I a pixel, we the people is an ambitious 24-episode video-based work that expands upon Chulayarnnon Siriphol’s existing practice, archives, and political commentary. Rooted in a body of work spanning two decades, the project draws from the artist’s extensive history of short films and video art since 2004, reconfiguring past narratives into a new, episodic structure. This work employs old and new footage, digitised VHS and Mini-DV home videos, and material from the Thai film archive, constructing speculative narratives that align personal histories with collective memories. The exhibition presents the videos in an overwhelming display of family objects reflecting on digital transformation, mass mobilization, and the evolving structures of contemporary art.

At its core, I a pixel, we the people envisions digital transformation as a new frontier for resistance, solidarity, and artistic expression in the face of state oppression. The artist frames the pixel as both a symbol of individual insignificance and collective power, mirroring the way marginalised voices unite in movements against authoritarian structures. By migrating from the physical realm into the digital, the work imagines an alternative space—an ethereal realm—where artistic and political agency can persist beyond state control. Archiving, memory, and cultural labour are central to this struggle, as the work reconfigures historical narratives through found footage, digitised materials, and speculative storytelling. Ultimately, it argues that art, even in its most intangible forms, remains a vital weapon of resistance and a means of shaping new worlds.

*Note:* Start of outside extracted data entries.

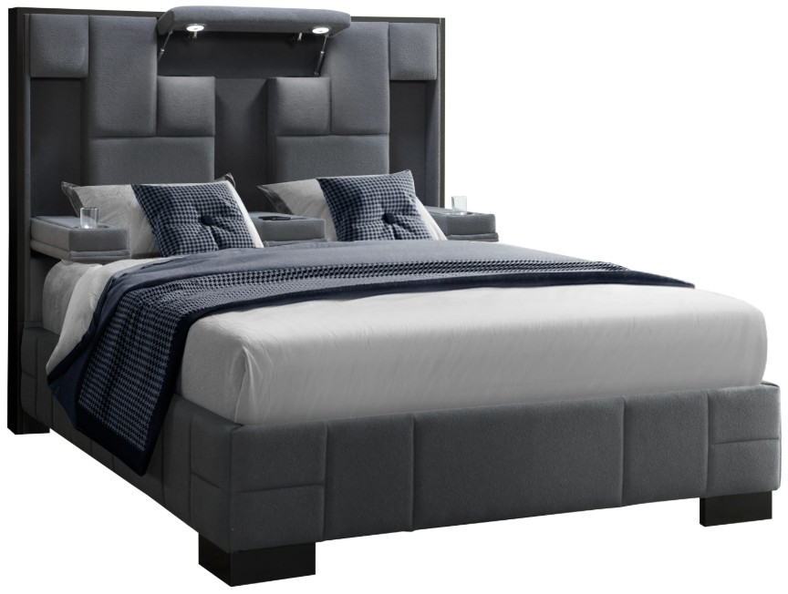 Elevate your bedroom with the sophisticated Oscar bed by Global Furniture USA, available in a refined palette of dark grey, light grey, and navy blue. This unique bed is the epitome of modern luxury and convenience, designed to cater to the needs of tech-savvy individuals who appreciate comfort and style.Read More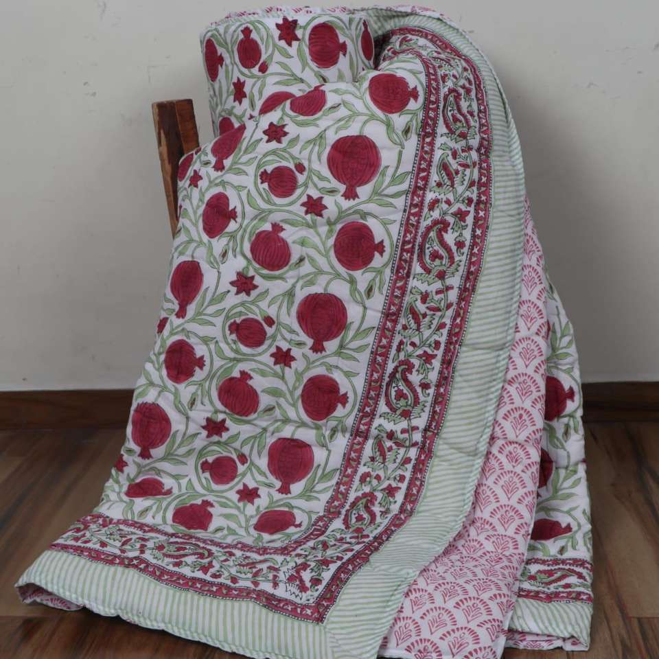 Use as:Jaipuri Rajai/Block Printed Cotton Quilt/Kantha Quilt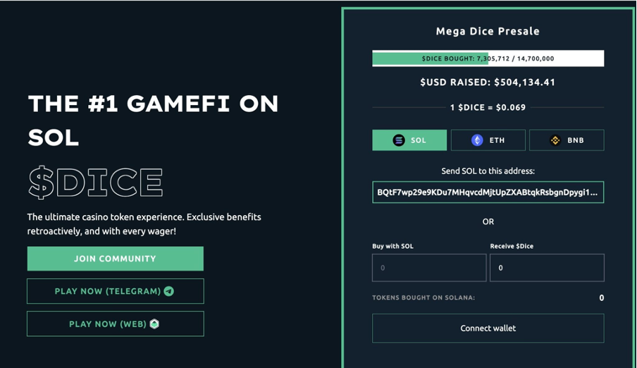De presale van Mega Dice is een groot succes en heeft al bijna $ 1,5 miljoen opgehaald. De token wordt ontwikkeld op de Solana blockchain, maar is ook te koop middels ETH en BNB. Tokens kosten op dit moment $ 0,075 per stuk.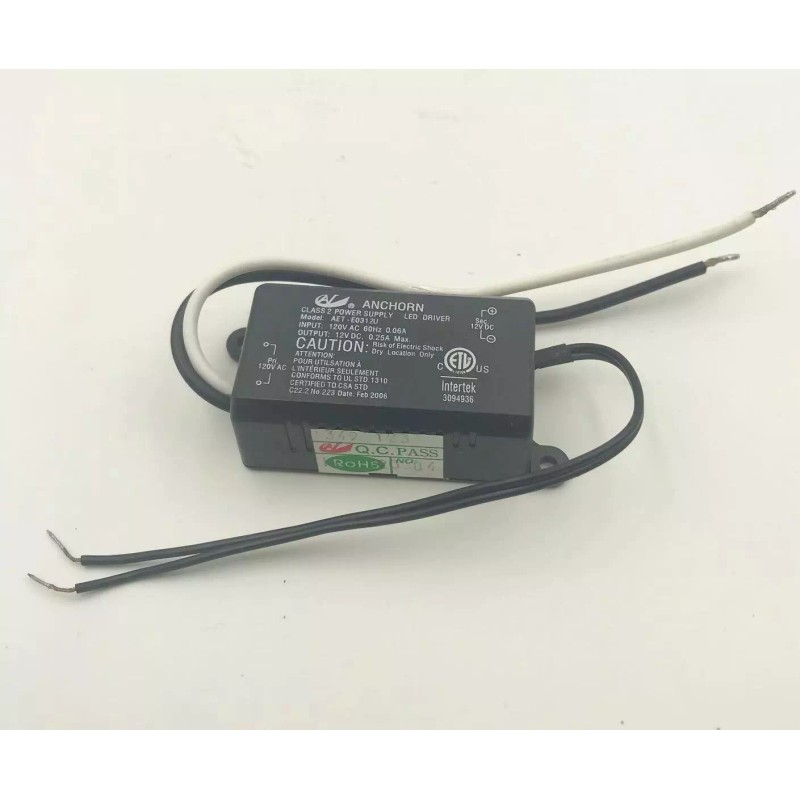 Anchorn Led power supply model AET - E0312U, Input: 120V Output 12V DC

A single pixel, the smallest digital element, carries the potential for radical transformation—an allegory for the power of the people to shift oppressive structures. This relationship between the individual and the collective underscores the artist’s critique of global political landscapes. We the people, an echo of the American Constitution, is recontextualised to examine how technology renders everything into data, blurring the boundaries between private and public, memory and erasure.

The videos unfold within a terrain of hoarded objects, amassed within the artist’s house over decades, forming an archaeological site of memory and materiality. These possessions, moved from private spaces into the gallery, reveal layers of time and history, transforming into found compositions that blur the boundaries between personal archive and artistic speculation. Their presence evokes an alien landscape, reminiscent of the artist’s dystopian sci-fi influences, reinforcing a sense of estrangement and historical excavation. This interplay between archaeology and speculative futures parallels the notion of the bunker—a symbol rooted in underground bomb shelters from the Second World War. In the darkened space of the film and video room, the bunker emerges as both a site of protection and confinement, where images and narratives unfold in a speculative domain—another realm where the past and future collide, and where isolated stories are collectively witnessed.

Beyond its digital and archival dimensions, I a pixel, we the people is an incisive commentary on culture and cultural labour. The artist raises pressing questions about the role of contemporary art in society—how it is sustained, supported, and structured. The work underscores tensions between state-sanctioned aesthetics and independent artistic movements, positioning contemporary art as both a site of resistance and precarious labour. Through its integration of diverse elements, the work parallels the ideological structures of communism, interrogating the mechanics of cultural production, its sustainability, and its impact on collective memory.

For the launch of the exhibition, a non-stop screening of all 24 episodes echoes the perpetual flow of data in the digital age—information that continues to accumulate, process, and circulate regardless of human wakefulness or rest. The moving image, no longer bound by the temporal constraints of traditional cinema, operates as an unceasing archive, resisting linear consumption. In this format, the work defies the expectation of completion, emphasising an overwhelming, immersive experience that mirrors the excess of contemporary digital culture. The durational aspect reinforces the exhibition’s interrogation of time, memory, and the limits of perception, challenging viewers to engage with the work in fragments, acknowledging that full comprehension remains elusive.

I a pixel, we the people stands as both an artistic statement and a provocation, challenging viewers to reconsider the ever-shifting dynamics of power, technology, and collective agency in a digitised world.